Risk-Adjusted Performance

0 of 100

 
Weak
 
Strong
Very Weak
Over the last 90 days Neometals has generated negative risk-adjusted returns adding no value to investors with long positions. In spite of uncertain performance in the last few months, the Stock's technical and fundamental indicators remain rather sound which may send shares a bit higher in January 2025. The latest tumult may also be a sign of longer-term up-swing for the firm shareholders.

Tata Steel and Neometals Volatility Contrast

   Predicted Return Density   
       Returns  

Pair Trading with Tata Steel and Neometals

The main advantage of trading using opposite Tata Steel and Neometals positions is that it hedges away some unsystematic risk. Because of two separate transactions, even if Tata Steel position performs unexpectedly, Neometals can make up some of the losses. Pair trading also minimizes risk from directional movements in the market. For example, if an entire industry or sector drops because of unexpected headlines, the short position in Neometals will offset losses from the drop in Neometals' long position.
The idea behind Tata Steel Limited and Neometals pairs trading is to make the combined position market-neutral, meaning the overall market's direction will not affect its win or loss (or potential downside or upside).
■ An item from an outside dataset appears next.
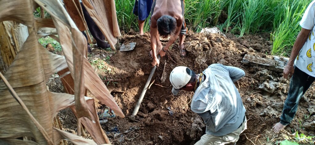 Menurut Muslimin saat dikubur, korban sudah tewas lalu korban dia masukkan ke dalam karung kemudian dia seret ke pinggiran sepetak sawah, lalu dia kubur.

This can be achieved by designing a pairs trade with two highly correlated stocks or equities that operate in a similar space or sector, making it possible to obtain profits through simple and relatively low-risk investment.
Check out your portfolio center.
Note that this page's information should be used as a complementary analysis to find the right mix of equity instruments to add to your existing portfolios or create a brand new portfolio. You can also try the USA ETFs module to find actively traded Exchange Traded Funds (ETF) in USA.